AMBASADA FEDERAŢIEI RUSE ÎN ROMÂNIA
“30” mai 2009
STATEMENT BY PRIME MINISTER VLADIMIR PUTIN
On June 7, 2009 Ukraine is due to make another payment for Russian natural gas, which is being supplied for domestic consumption and for underground depots. Talks indicate that Ukraine may find it difficult to meet this financial commitment. This is increasing the risk of new setbacks in the transit of Russian gas to European consumers.
Looking for a way out of the predicament, Ukrainian Prime Minister Yulia Tymoshenko suggested that Russia make a five to seven year advance payment of about five billion dollars for the transit of gas to Europe. Ukrainians have to pay about that much for Russian gas supplies.
Implementation of this proposal seems unlikely for at least three reasons.
First, Ukrainian President Viktor Yushchenko recently referred to this option as illegal.
Second, the joint EU-Ukrainian declaration on upgrading the Ukrainian gas transport network, signed on March 23, 2009 in Brussels, provides for a considerable change in the organisation of the Ukrainian gas complex. In other words, we do not know for certain with whom Gazprom will execute gas supply contracts for Ukraine and for the securing of transit to European consumers.
Third, the global crisis, along with a drop in gas prices and sales will make it difficult to stockpile five billion dollars.
Since Ukraine has voiced doubts in its ability to make the payments for natural gas, we have informed our partners of a potential problem, resorting to the early warning mechanism set up between Russia and the European Union (EU) on potential energy system setbacks. I sent messages to the EU leaders --President of the European Commission José Manuel Barroso, President of the Czech Republic Vaclav Klaus, and Swedish Prime Minister Fredrik Reinfeldt. I also discussed gas supplies via Ukraine, including ways of resolving the problem in a telephone conversation with Mr Barroso today.

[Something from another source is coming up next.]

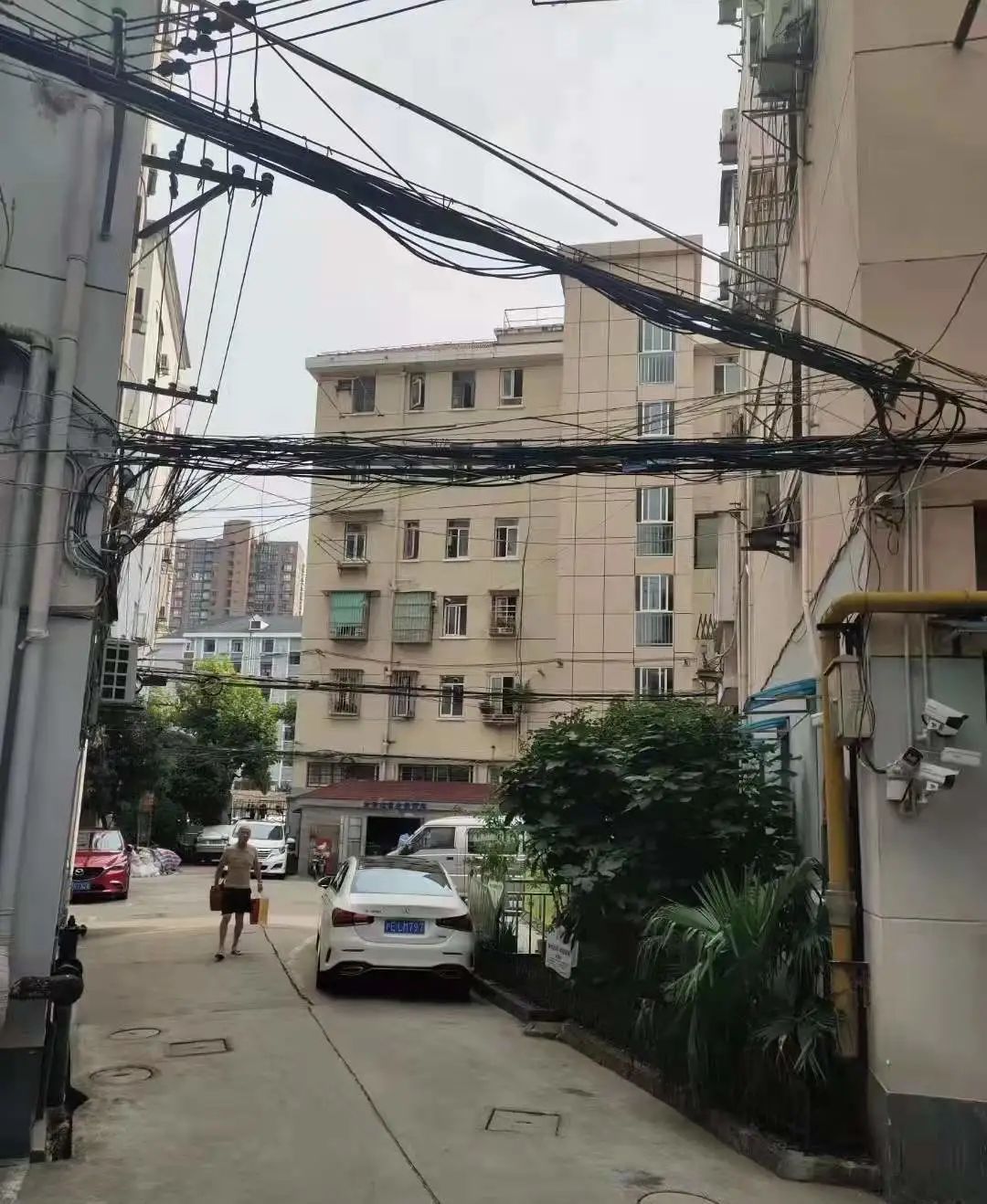 “侬看,阿拉的天都‘亮’了。”13号楼的马师傅跟记者聊起了小区的架空线。之前,小区里各种私拉乱接电线,像蜘蛛网一样,乱成一团挂在头顶上,每到刮风、下雨的时候,大家都存有一丝担忧,“我们每天走来走去,危险啊!”

Judging by the reaction of these European leaders, the EU is unable to render the required financial aid to Ukraine. They made references to the acute economic crisis and the EU's internal rules and procedures.
Having warned our European partners about the threat to Europe's energy security, we have declared our willingness to shoulder part of the responsibility of the financial burden in resolving the problem. However, I would like to emphasize that Russia does not intend to subsidize the Ukrainian economy single-handedly. We are hoping that the EU will hear our concerns and discuss them very seriously at its forthcoming meeting on June 18-19.
I would also like to make one more remark about the world community's concerted effort to counter the crisis. On May 27, I sent a letter to IMF Managing Director Dominique Strauss-Kahn, reaffirming Russia's readiness to invest up to $10 billion in its bonds. These additional resources will expand the fund's potential to deal with the crisis.
At the same time, we are convinced that the funds allocated by Russia should be used primarily to help our CIS neighbours, in particular, to help Ukraine resolve its energy problem. We are grateful to Mr Strauss-Kahn for his initial constructive response.
The Ukrainian Government has been informed about the essence of our proposals to the IMF and our European partners.
To conclude, I would like to emphasize once again that the impending problem of Ukrainian transit is very serious and concerns not only Russia and Ukraine. It concerns an overwhelming majority of European countries, and should be resolved with a common effort, and with full understanding of the responsibility involved. I hope that this sober and pragmatic logic will gain an upper hand.